▸ **EXERCISE MATERIALS**
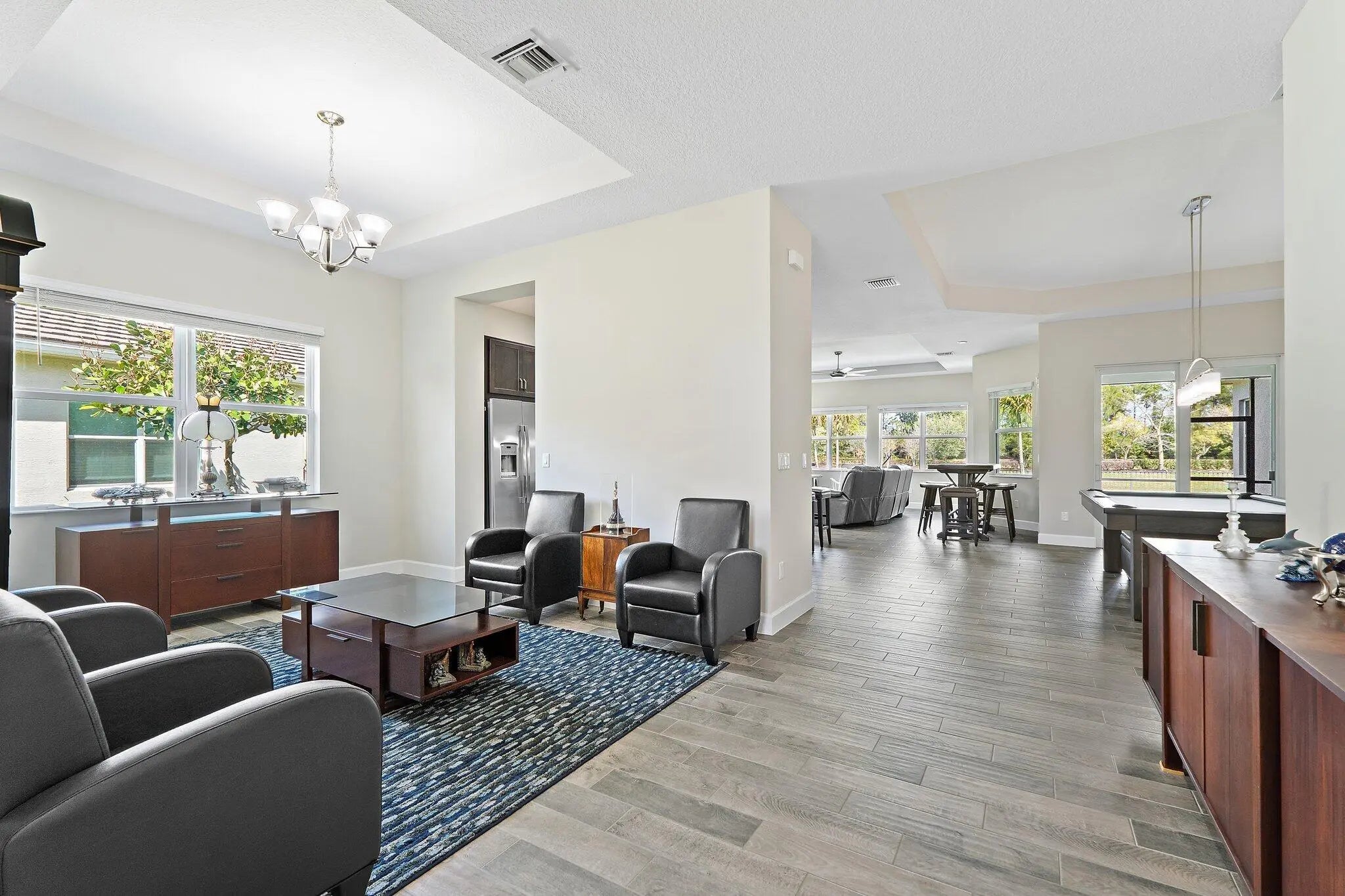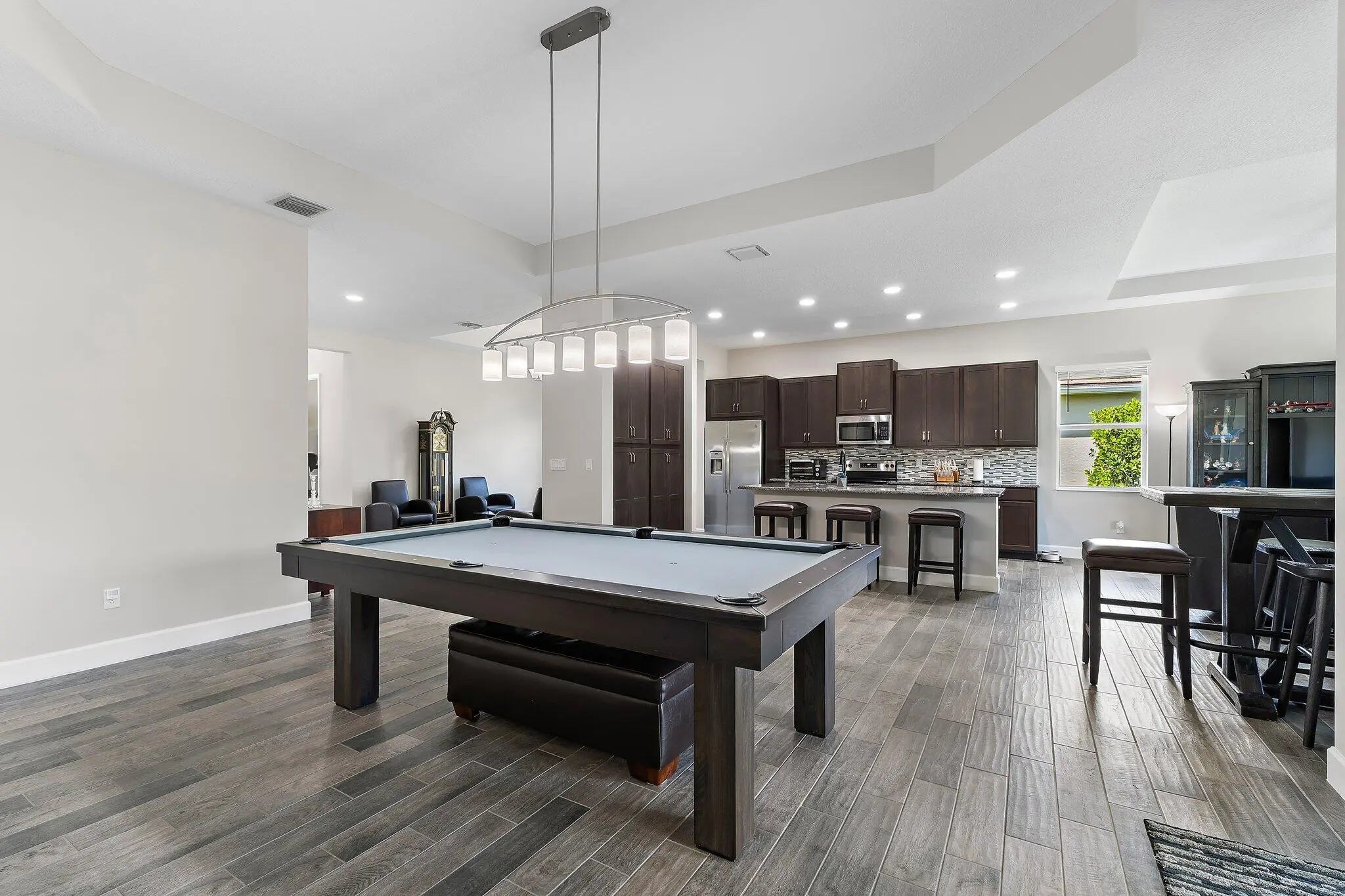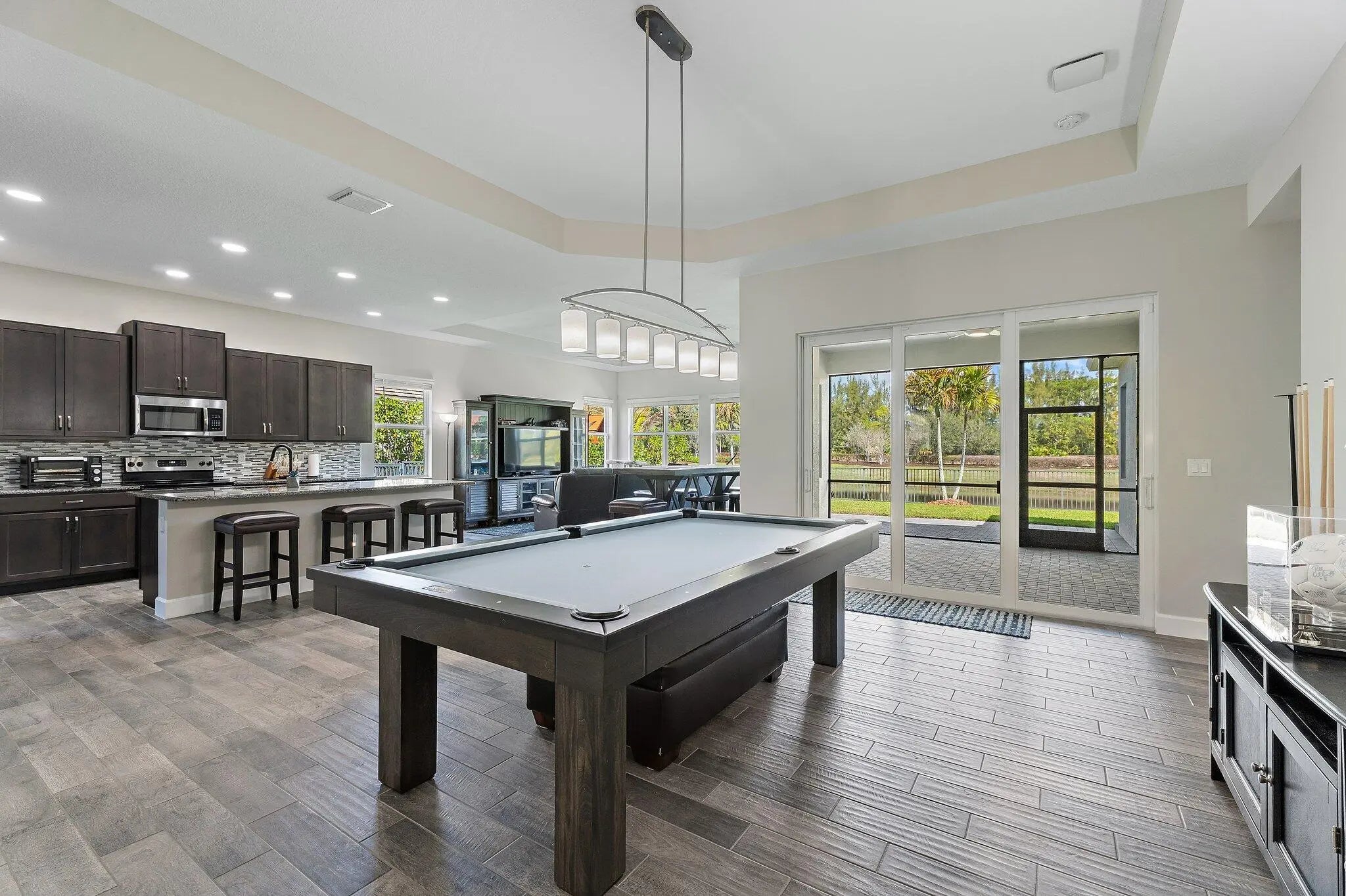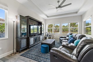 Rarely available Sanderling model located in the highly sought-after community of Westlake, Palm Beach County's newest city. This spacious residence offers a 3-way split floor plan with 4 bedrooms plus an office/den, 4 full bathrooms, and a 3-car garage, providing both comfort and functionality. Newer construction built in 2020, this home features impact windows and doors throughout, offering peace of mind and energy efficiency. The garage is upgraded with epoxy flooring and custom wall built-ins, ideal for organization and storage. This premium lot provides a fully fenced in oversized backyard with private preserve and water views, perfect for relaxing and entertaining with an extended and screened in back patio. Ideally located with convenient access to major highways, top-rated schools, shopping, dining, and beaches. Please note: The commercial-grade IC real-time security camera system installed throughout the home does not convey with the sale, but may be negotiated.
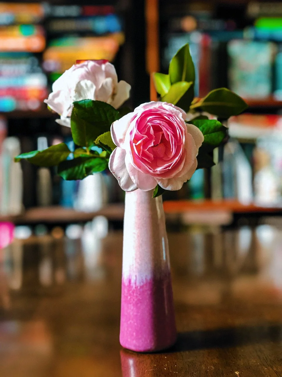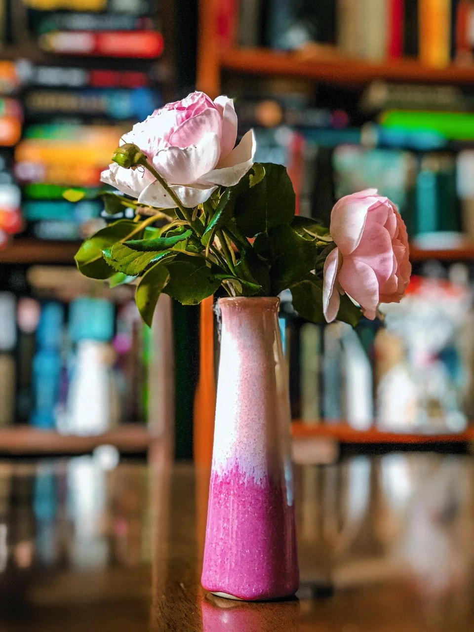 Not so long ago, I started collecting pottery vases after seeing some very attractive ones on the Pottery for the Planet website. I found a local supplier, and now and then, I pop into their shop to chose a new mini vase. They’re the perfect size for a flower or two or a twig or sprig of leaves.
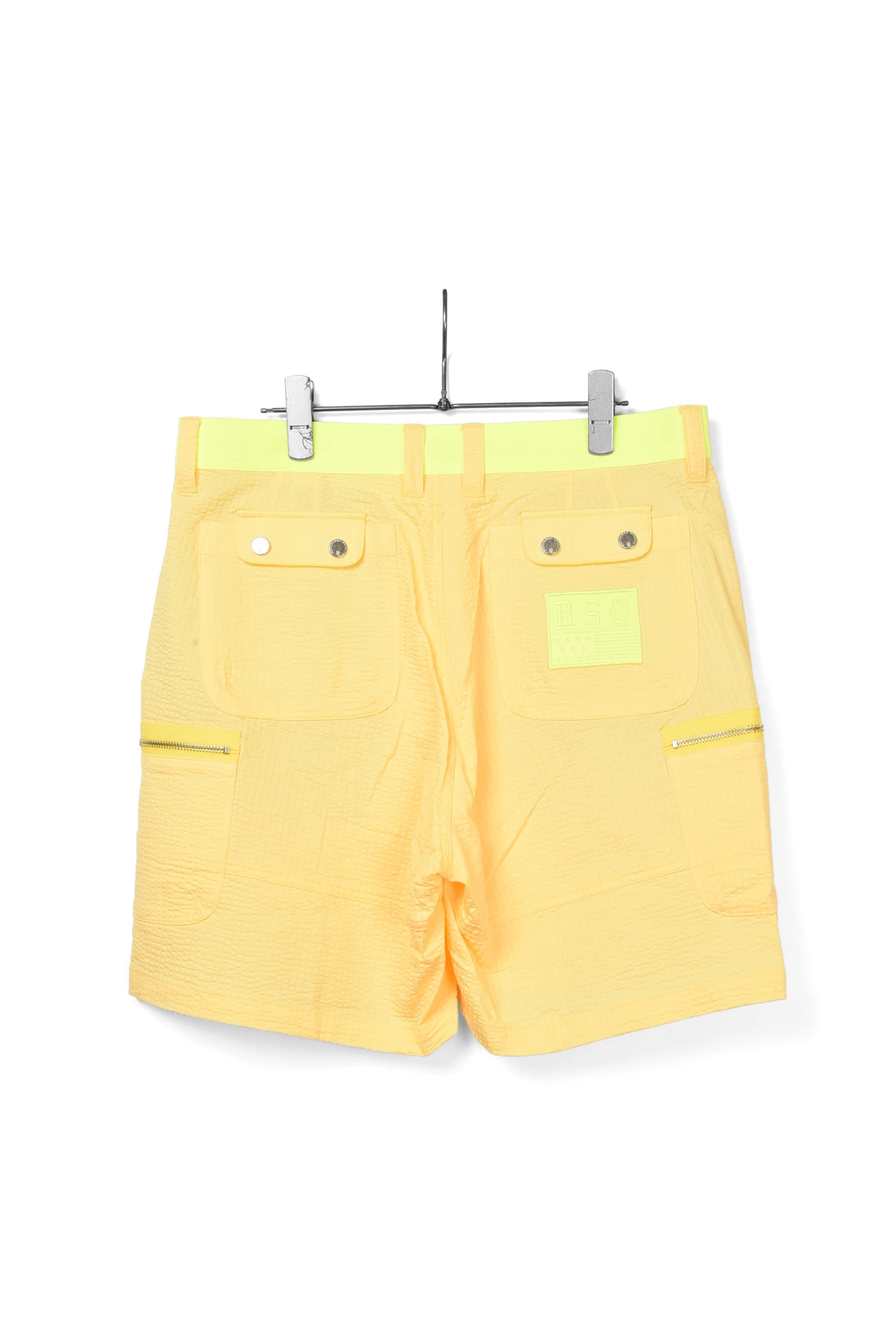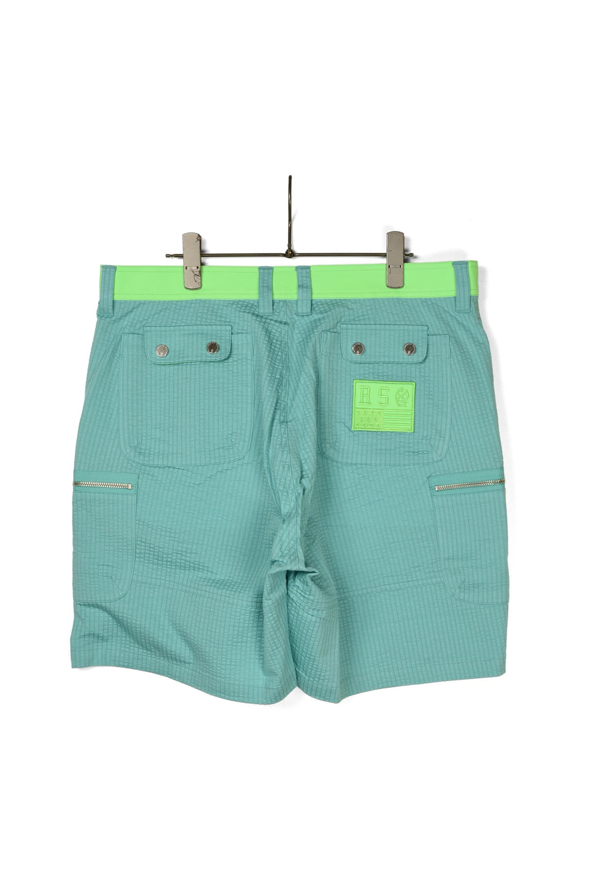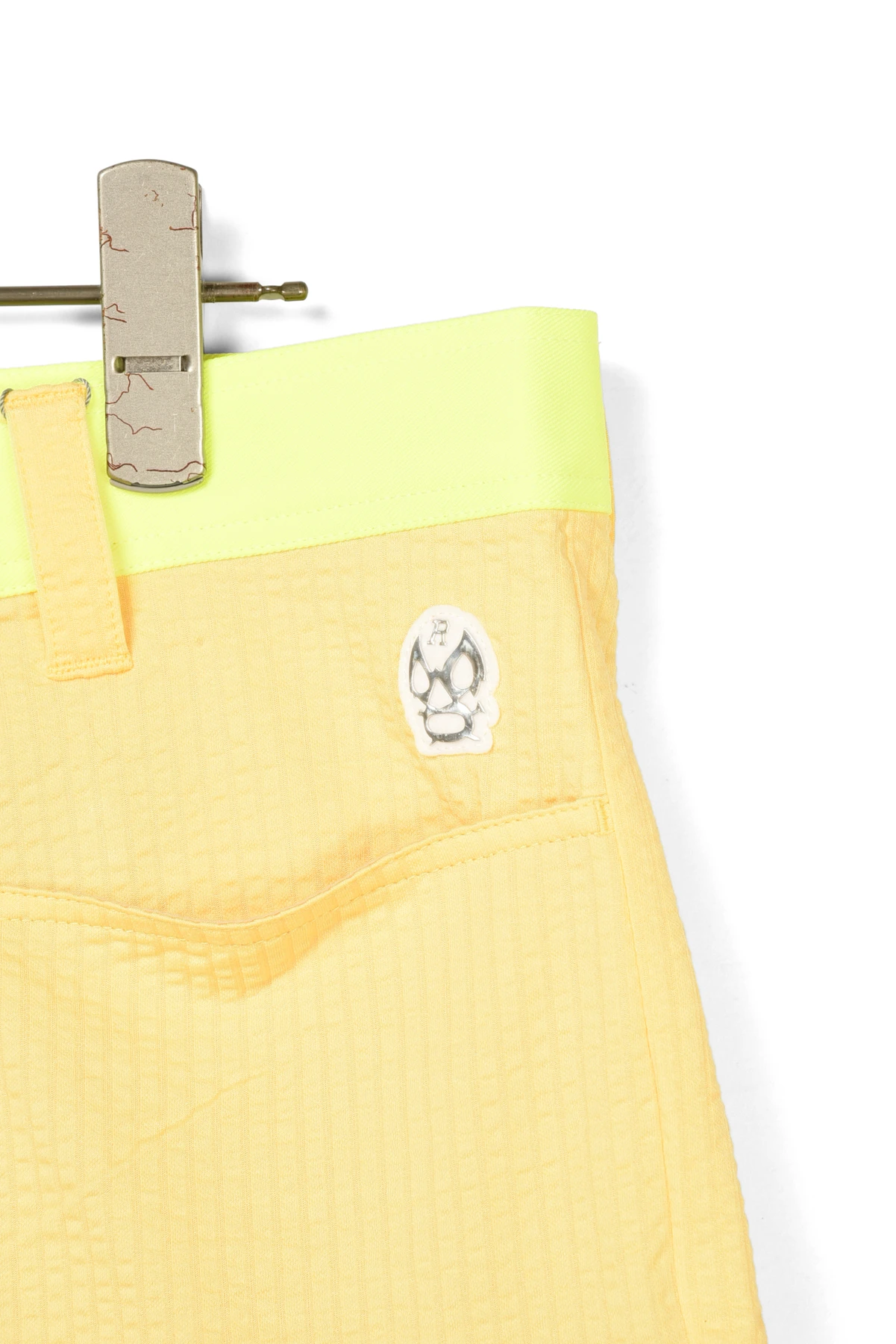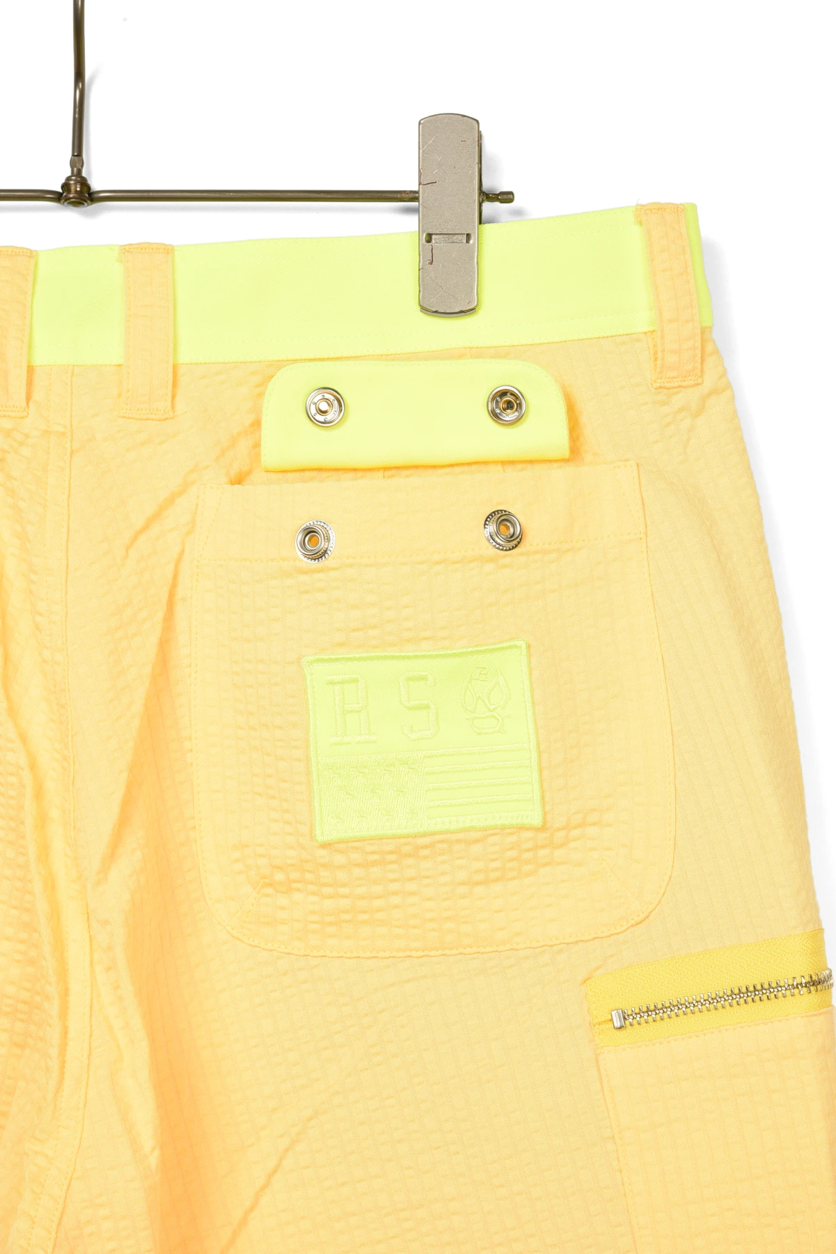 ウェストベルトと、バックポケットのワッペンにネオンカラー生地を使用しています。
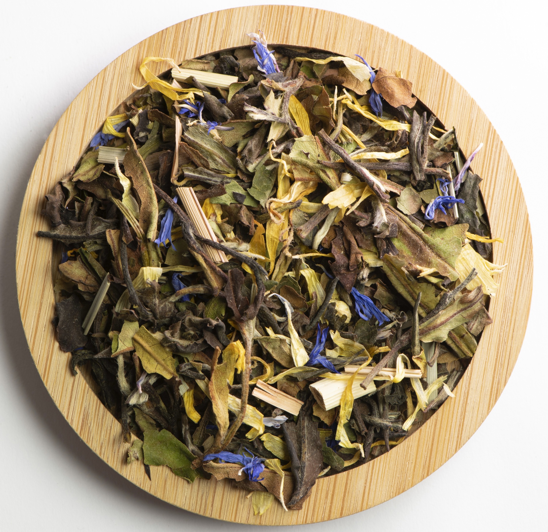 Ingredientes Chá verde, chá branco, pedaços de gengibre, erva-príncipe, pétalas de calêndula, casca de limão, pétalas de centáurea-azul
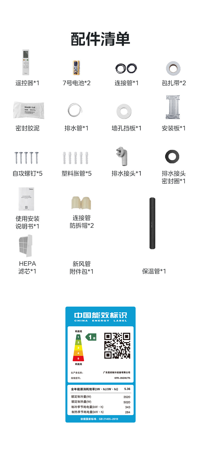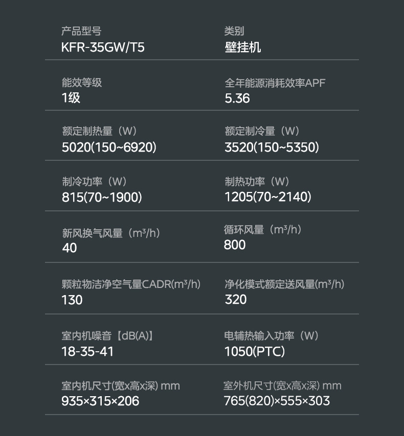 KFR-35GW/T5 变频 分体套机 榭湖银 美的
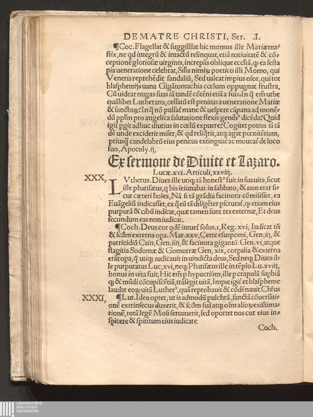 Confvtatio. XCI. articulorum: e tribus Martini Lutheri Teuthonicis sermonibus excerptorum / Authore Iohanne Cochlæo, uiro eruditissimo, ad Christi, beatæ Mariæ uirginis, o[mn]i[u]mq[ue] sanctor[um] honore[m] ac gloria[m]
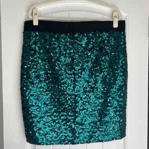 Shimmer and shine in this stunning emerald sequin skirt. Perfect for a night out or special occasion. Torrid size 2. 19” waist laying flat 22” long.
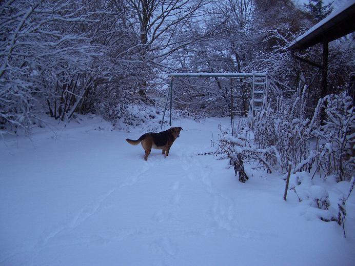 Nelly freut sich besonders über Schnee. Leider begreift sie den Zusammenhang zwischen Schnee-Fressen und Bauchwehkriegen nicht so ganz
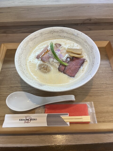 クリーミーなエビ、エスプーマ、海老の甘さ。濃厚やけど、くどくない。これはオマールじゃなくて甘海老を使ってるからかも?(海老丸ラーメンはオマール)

▸ **ASSIGNMENT**
Everything in the records that precede this task must be written out again exactly, except the pictures.

▸ **FINISHED TASK**
 Rarely available Sanderling model located in the highly sought-after community of Westlake, Palm Beach County's newest city. This spacious residence offers a 3-way split floor plan with 4 bedrooms plus an office/den, 4 full bathrooms, and a 3-car garage, providing both comfort and functionality. Newer construction built in 2020, this home features impact windows and doors throughout, offering peace of mind and energy efficiency. The garage is upgraded with epoxy flooring and custom wall built-ins, ideal for organization and storage. This premium lot provides a fully fenced in oversized backyard with private preserve and water views, perfect for relaxing and entertaining with an extended and screened in back patio. Ideally located with convenient access to major highways, top-rated schools, shopping, dining, and beaches. Please note: The commercial-grade IC real-time security camera system installed throughout the home does not convey with the sale, but may be negotiated.
 Not so long ago, I started collecting pottery vases after seeing some very attractive ones on the Pottery for the Planet website. I found a local supplier, and now and then, I pop into their shop to chose a new mini vase. They’re the perfect size for a flower or two or a twig or sprig of leaves.
 ウェストベルトと、バックポケットのワッペンにネオンカラー生地を使用しています。
 Ingredientes Chá verde, chá branco, pedaços de gengibre, erva-príncipe, pétalas de calêndula, casca de limão, pétalas de centáurea-azul
 KFR-35GW/T5 变频 分体套机 榭湖银 美的
 Confvtatio. XCI. articulorum: e tribus Martini Lutheri Teuthonicis sermonibus excerptorum / Authore Iohanne Cochlæo, uiro eruditissimo, ad Christi, beatæ Mariæ uirginis, o[mn]i[u]mq[ue] sanctor[um] honore[m] ac gloria[m]
 Shimmer and shine in this stunning emerald sequin skirt. Perfect for a night out or special occasion. Torrid size 2. 19” waist laying flat 22” long.
 Nelly freut sich besonders über Schnee. Leider begreift sie den Zusammenhang zwischen Schnee-Fressen und Bauchwehkriegen nicht so ganz
 クリーミーなエビ、エスプーマ、海老の甘さ。濃厚やけど、くどくない。これはオマールじゃなくて甘海老を使ってるからかも?(海老丸ラーメンはオマール)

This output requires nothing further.